PROSES SANG GEMBALA MENUJU ALLAH

PROSES SANG GEMBALA MENUJU ALLAH

Ada ketertarikan besar Monsinyur mengenai siapa itu Allah. Di samping rahmat Allah begitu yang besar, ia juga menunjukkan kesungguhan yang besar dalam mencapai Allah.

 

Buku The Power of Menyerah dibedah di Aula SD Xaverius 1 Jambi, Minggu sore (2/12). Dr. Hendro Setiawan dan Dr. Yulius Sunardi SCJ menjadi penutur dalam acara yang dimoderatori Romo Wahyu Tri Haryadi SCJ ini. Belajar adalah kata kunci penuturan sore itu.

Analogi mendaki gunung kerinci dipakai Romo Sunardi membuka serangkaian pemaparannya. “Bayangkan kita mau menuju ke puncak Gunung Kerinci. Bayangkan kita akan berada di puncaknya, yang belum pernah dicapai orang,” ajak Romo Sunardi, yang juga seorang psikolog.

Jika di puncak Gunung Kerinci terdapat sesuatu yang menjadi keinginan masing-masing orang, maka hasrat untuk sampai ke puncak akan semakin besar. Keberanian akan tercipta.

“Dan menuju ke puncak Gunung Kerinci, tentu butuh tenaga ekstra. Butuh waktu lama, karena banyak tantangannya. Buku The Power of Menyerah merupakan proses peziarahan Monsinyur menuju Allah,” lanjut imam yang saat ini berkarya di Skolastikat SCJ, Yogyakarta ini.

Sama seperti puncak Gunung Kerinci, yang ada sesuatu sehingga menarik manusia untuk mendakinya, begitu pun proses hidup Mgr Sudarso yang dibukukan dalam biografi The Power of Menyerah.  “Di situ ada ketertarikan besar Monsinyur mengenai siapa itu Allah. Di samping rahmat Allah begitu yang besar, beliau juga menunjukkan kesungguhan yang besar dalam mencapai Allah,” papar Romo Sunardi.

Jalan kehidupan selalu meninggalkan jejak langkah. Jejak langkah suatu perbuatan, membiasakan manusia untuk melakukannya kembali. Ini seolah-olah otomatis menurut Romo Sunardi.

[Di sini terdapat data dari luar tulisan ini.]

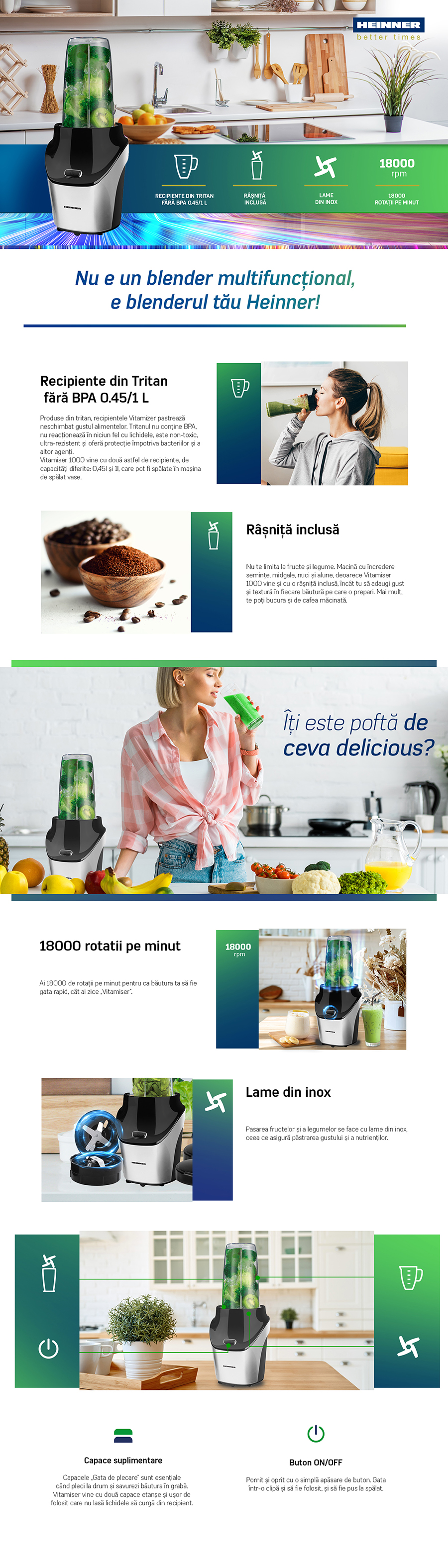 BLENDER SPORT HEINNER VITAMISER 1000 HSB-T1000SS - pret cu TVA valabil astazi: 339.83 lei

“Kecanduan internet dan gadget meninggalkan jejak dan menciptakan jalan menuju ke sana. Secara otomatis yang terpikir adalah gadget. Mengapa? Karena ada sistem memory itu,” kata Romo Sunardi.

Keutamaan

Mgr Sudarso SCJ juga mengalami otomatisasi yang sama, hanya jalannya yang berbeda. “Monsinyur adalah sosok yang rendah hati. Dia dekat dengan umat. Saya merasakan kedekatan itu. Ketika bertemu, selalu ada salam hangat,” tandas Fransiskus Xaverius Sutarno, Ketua Wilayah Bunda Maria, Paroki Santa Teresia, yang juga hadir dalam bedah buku karangan Romo Ignatius Elis Handoko SCJ itu.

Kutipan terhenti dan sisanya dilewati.